(Items from a data source)
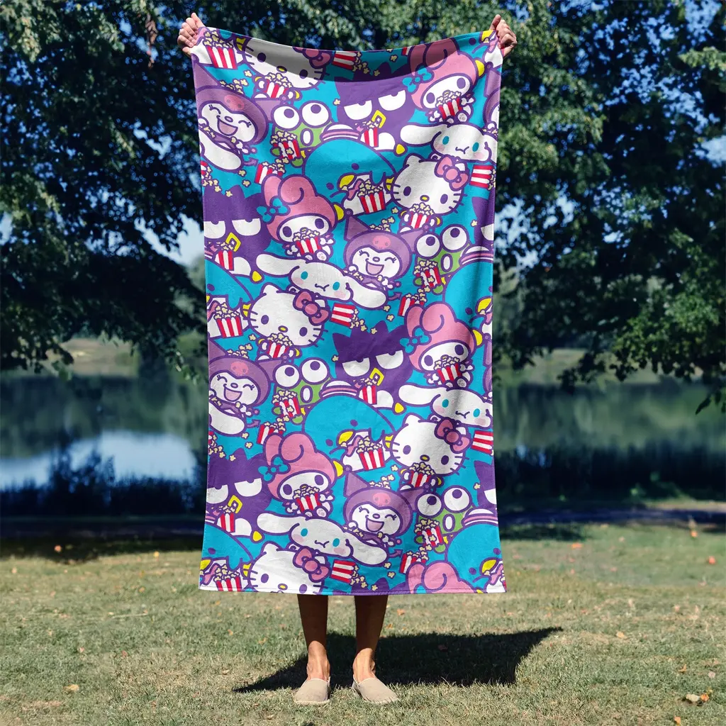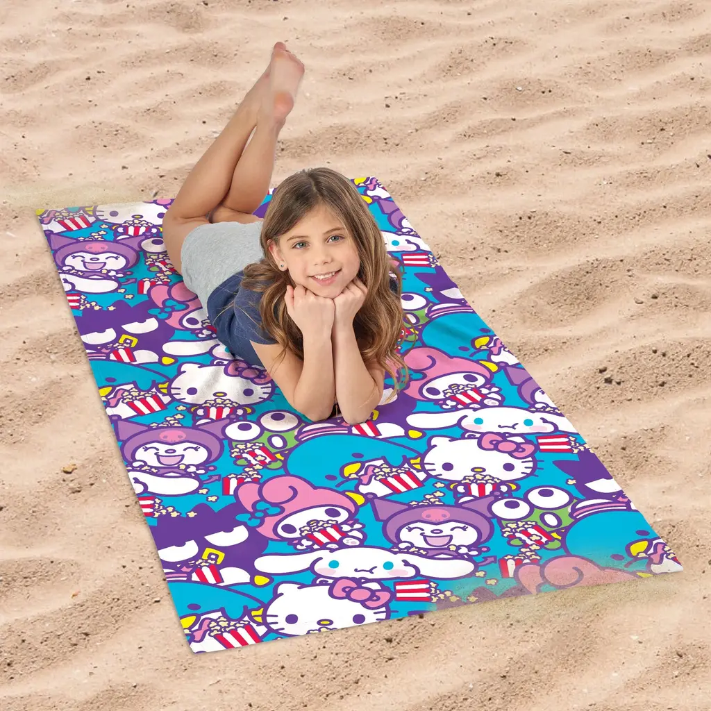 Brighten up your beach days with the Sanrio Hello Kitty Microfiber Beach Towel. This towel features a colorful pattern of Hello Kitty. Made from soft and absorbent microfiber, it's perfect for drying off after a swim or relaxing on the sand. The vibrant design and playful graphics make it a fun addition to any beach outing. Surprise a Hello Kitty fan with this cheerful towel! It's an ideal gift for birthdays, holidays, or just because. This delightful towel will bring smiles and fun to every beach trip.Features:
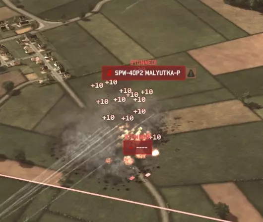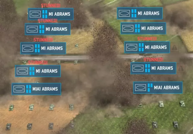 看到那些艾布拉姆斯坦克上方显示的【眩晕!】了吗?这其实是 Eugen 尚未修复的翻译错误。它真正应该显示的是【快杀了我!我现在毫无还手之力!】你知道接下来会发生什么吗?
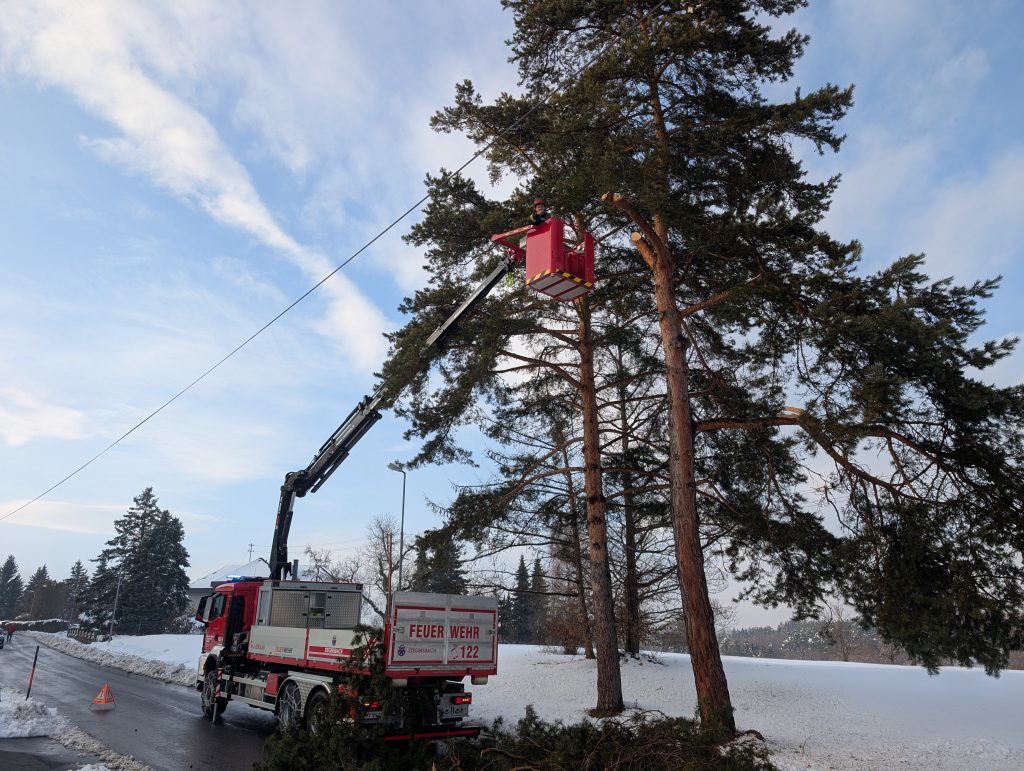 Am Folgetag standen zunächst die gesperrten Straßen im Fokus. Die umgestürzten Bäume wurden entfernt und weitere gefährdete Bäume vorsorglich umgeschnitten. Dadurch konnte der Winterdienst seine Arbeit wieder aufnehmen und die Straßen Schritt für Schritt geräumt werden.
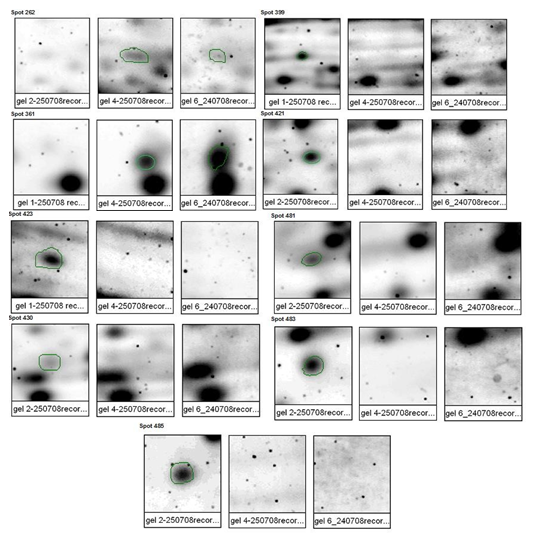 Finalmente para las células cultivadas en amonio (control) y en amonio más DNP, se identificaron en total trece manchas (proteínas) de expresión diferencial (inducción, represión y sobreexpresión) basándose en el programa informático ImageMaster 2D v3.1 de Amersham- Pharmacia, a partir de los geles de 17 cm, con sus correspondientes pesos moleculares y puntos isoeléctricos, en donde se espera observar en el proteoma el efecto del amonio sobre el consumo de 2,4-DNP y sobre la regulación de procesos de transporte de 2,4-DNP al interior celular; expresión del (los) gen (es) de la (s) nitroreductasa (s), actividad nitroreductasa y los donadores de electrones a la (s) nitroreductasa (s).
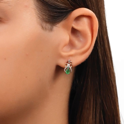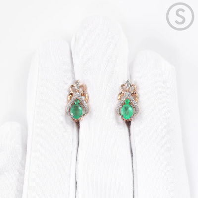 Серьги с 40 бриллиантами природными, 0.08 карат, огранка круг 17 граней, цвет 2, чистота 2, тип огранки А; 2 изумрудами природными, 0.58 карат, цвет 3, чистота 3, тип огранки Б; 2 изумрудами природными, 0.04 карат, цвет 3, чистота 3, тип огранки В; Розовое золото 585 пробы.
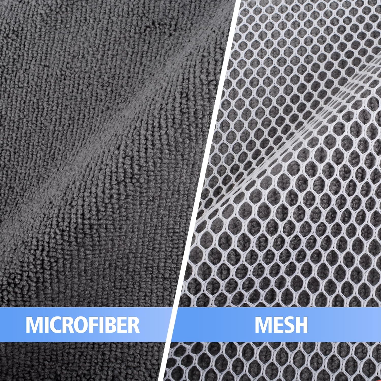 - DISH RAGS FOR KITCHEN CLEANING WITH POLY SCOUR SCRUBBING SIDE: One side is microfiber and the other side is mesh. The microfiber side works well at getting finger spots off the stainless steel appliances and the glass front of fridge or stove, microwave; the scrubby side is good for cleaning stuck on food without having to grab your scraper and does not scratch delicate surfaces either
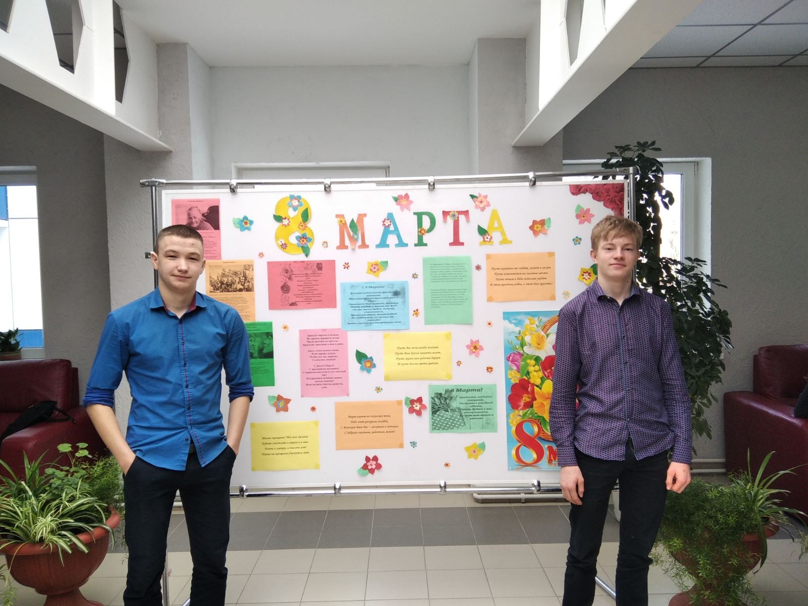 Дата публикации: 11 марта 2021. Опубликовано в Новости 2023. Международный женский день 2021 Конкурсно-игровая программа, посвященная Международному женскому дню, прошла 8 марта в общежитии училища. Назад Вперед

▶ [EXERCISE GOAL]
Set the data above down again exactly as given, with no pictures.

▶ [FINISHED TASK]
 Brighten up your beach days with the Sanrio Hello Kitty Microfiber Beach Towel. This towel features a colorful pattern of Hello Kitty. Made from soft and absorbent microfiber, it's perfect for drying off after a swim or relaxing on the sand. The vibrant design and playful graphics make it a fun addition to any beach outing. Surprise a Hello Kitty fan with this cheerful towel! It's an ideal gift for birthdays, holidays, or just because. This delightful towel will bring smiles and fun to every beach trip.Features:
 看到那些艾布拉姆斯坦克上方显示的【眩晕!】了吗?这其实是 Eugen 尚未修复的翻译错误。它真正应该显示的是【快杀了我!我现在毫无还手之力!】你知道接下来会发生什么吗?
 Am Folgetag standen zunächst die gesperrten Straßen im Fokus. Die umgestürzten Bäume wurden entfernt und weitere gefährdete Bäume vorsorglich umgeschnitten. Dadurch konnte der Winterdienst seine Arbeit wieder aufnehmen und die Straßen Schritt für Schritt geräumt werden.
 Finalmente para las células cultivadas en amonio (control) y en amonio más DNP, se identificaron en total trece manchas (proteínas) de expresión diferencial (inducción, represión y sobreexpresión) basándose en el programa informático ImageMaster 2D v3.1 de Amersham- Pharmacia, a partir de los geles de 17 cm, con sus correspondientes pesos moleculares y puntos isoeléctricos, en donde se espera observar en el proteoma el efecto del amonio sobre el consumo de 2,4-DNP y sobre la regulación de procesos de transporte de 2,4-DNP al interior celular; expresión del (los) gen (es) de la (s) nitroreductasa (s), actividad nitroreductasa y los donadores de electrones a la (s) nitroreductasa (s).
 Серьги с 40 бриллиантами природными, 0.08 карат, огранка круг 17 граней, цвет 2, чистота 2, тип огранки А; 2 изумрудами природными, 0.58 карат, цвет 3, чистота 3, тип огранки Б; 2 изумрудами природными, 0.04 карат, цвет 3, чистота 3, тип огранки В; Розовое золото 585 пробы.
 - DISH RAGS FOR KITCHEN CLEANING WITH POLY SCOUR SCRUBBING SIDE: One side is microfiber and the other side is mesh. The microfiber side works well at getting finger spots off the stainless steel appliances and the glass front of fridge or stove, microwave; the scrubby side is good for cleaning stuck on food without having to grab your scraper and does not scratch delicate surfaces either
 Дата публикации: 11 марта 2021. Опубликовано в Новости 2023. Международный женский день 2021 Конкурсно-игровая программа, посвященная Международному женскому дню, прошла 8 марта в общежитии училища. Назад Вперед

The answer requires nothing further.